(Beginning of PROVIDED MATERIAL)

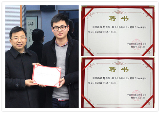 為使翻譯社組織工作更有力,會議決定由方總擔任翻譯社社長,錢青和姚暢分別擔任寧波、義烏執行社長,兩位執行社長負責翻譯社具體活動的組織工作,會議也請各位社員支持執行社長的工作,積極參與到各項活動中來。同時,2016年,翻譯社將吸收更多對外語感興趣的同事參與進來。
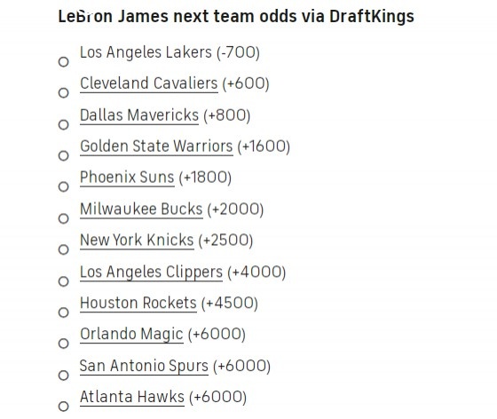 7月12日讯 近日美媒Draftkings晒出詹姆斯最新下家赔率,湖人第一,骑士排第二,独行侠位列第三,勇士第四。
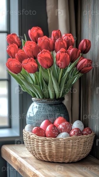 На деревянном столе возле окна стоит ваза с красными тюльпанами и корзина с пасхальными яйцами
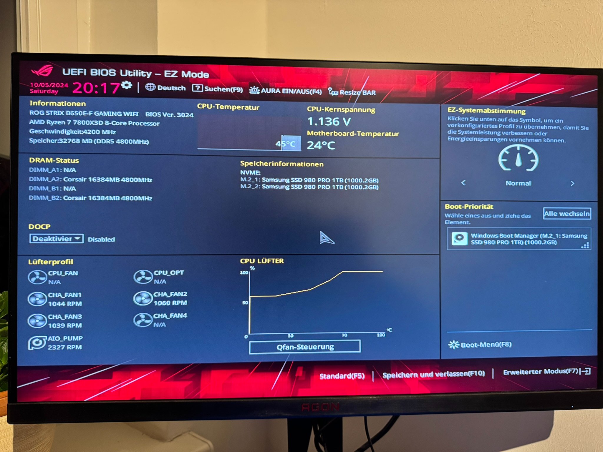 - Weitere Hardware, die offensichtlich mit dem Problem zu tun hat (Monitormodell, Kühlung usw.): Ich habe eine AiO-Wasserkühlung für die CPU und diverse Fans installieren lassen (ein Hinweis: der PC wurde für mich von einem Freund zusammengebaut, da ich selbst leider wenig Ahnung habe).
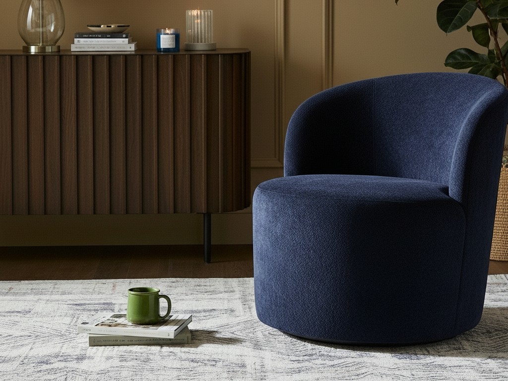 Fotel obrotowy Monte w kolorze granatowym to propozycja dla osób, które poszukują połączenia komfortu, praktyczności i ponadczasowej estetyki. Jego miękka, przyjemna w dotyku tkanina Monte wyróżnia się subtelną, włoskowatą strukturą, która nadaje meblowi ciepły i przytulny charakter. To fotel idealny do salonu, sypialni, domowego biura lub czytelni, gdzie liczy się zarówno styl, jak i wygoda codziennego użytkowania.
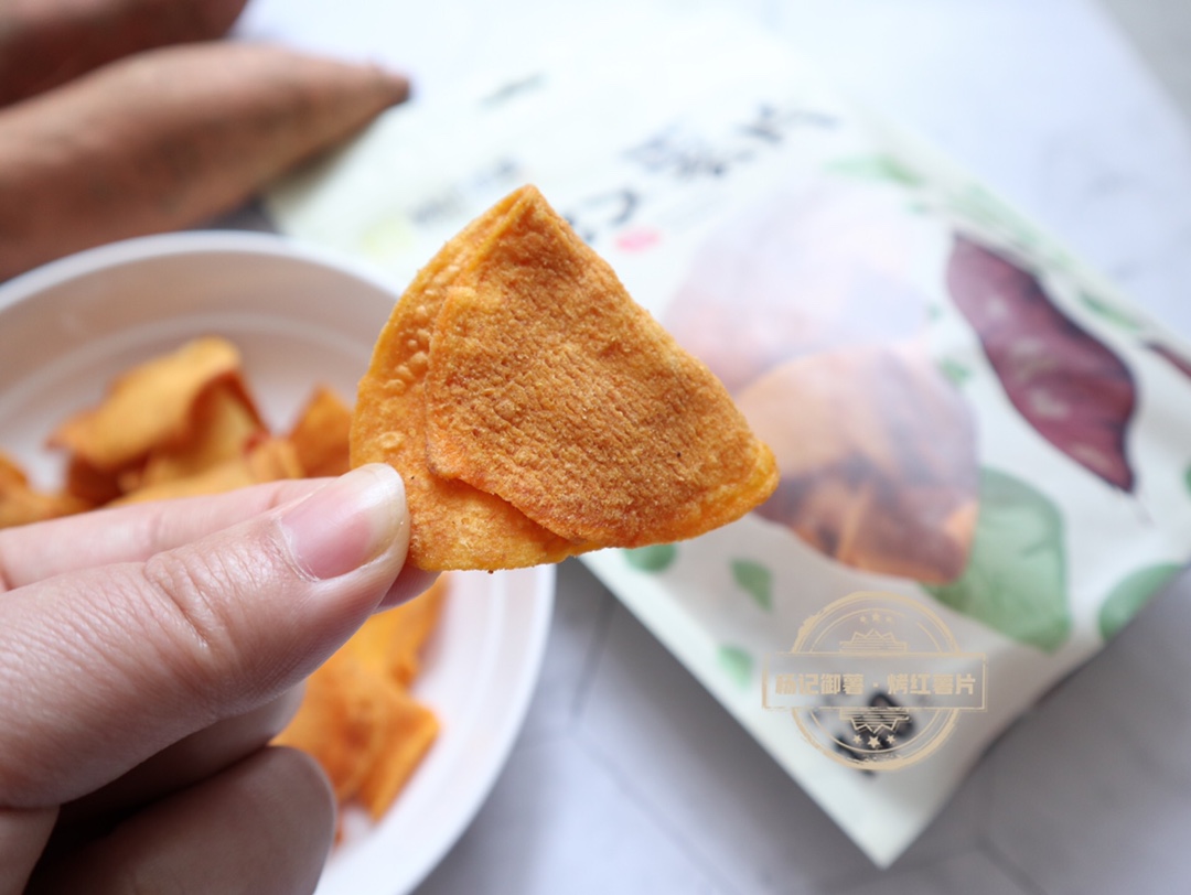 相比普通薯片,这款红薯片会更大块,营养保留的更充分,吃起来也更加过瘾,不会很硬,每一片都有踏实的饱足感,每一口都有红薯的香味,回味无穷。
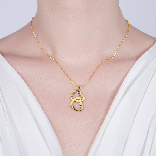 Show the one that you care about that you feel the connection too!Choose two names to be engraved on the hearts as well as two birthstones of your choice to be set within the hearts. Make it all about you and the love you share with this fantastic personalized script necklace!
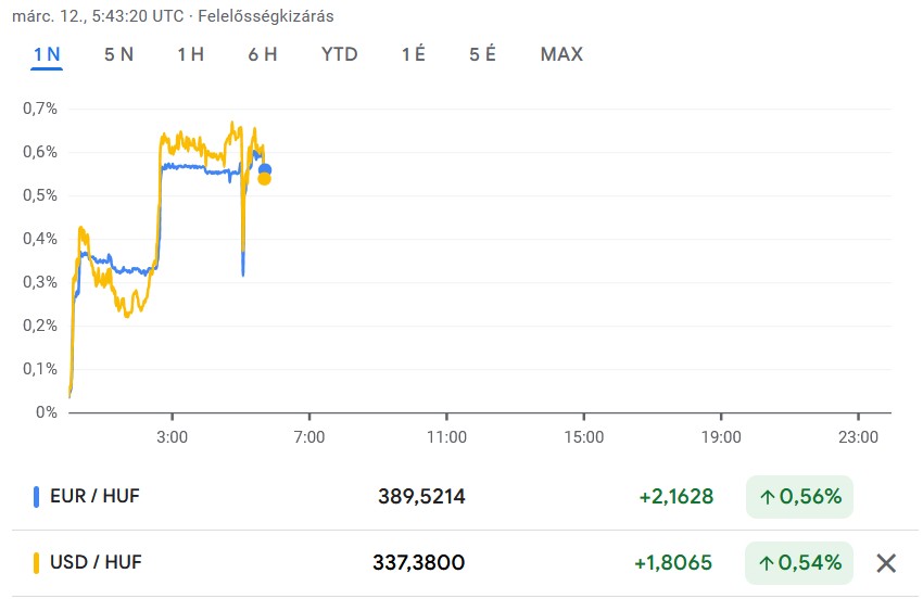 A piaci pánik a devizapiacokra is visszatért. A forint újból gyengülni kezdett, az euró árfolyama a 390-es szintnél van (szerda hajnalban még 383-384 között volt). A dollár is drágulni kezdett: a szerda hajnali 330-as szintről 337-338 forint közé emelkedett az ára. Igaz, ezek még szintén kedvezőbbek, mint a hét eleji árfolyamok voltak.
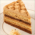 Медовые коржи и мягкий шоколадный бисквит, хорошо пропитаны сиропом, со сливочным кремом из варёного сгущённого молока.

(End of PROVIDED MATERIAL)

Starting from the line with "На деревянном столе" in the records above, repeat each line exactly until you have written the line with "- Weitere Hardware, die", then stop; drop the pictures.

> [RESPONSE AREA]:
 На деревянном столе возле окна стоит ваза с красными тюльпанами и корзина с пасхальными яйцами
 - Weitere Hardware, die offensichtlich mit dem Problem zu tun hat (Monitormodell, Kühlung usw.): Ich habe eine AiO-Wasserkühlung für die CPU und diverse Fans installieren lassen (ein Hinweis: der PC wurde für mich von einem Freund zusammengebaut, da ich selbst leider wenig Ahnung habe).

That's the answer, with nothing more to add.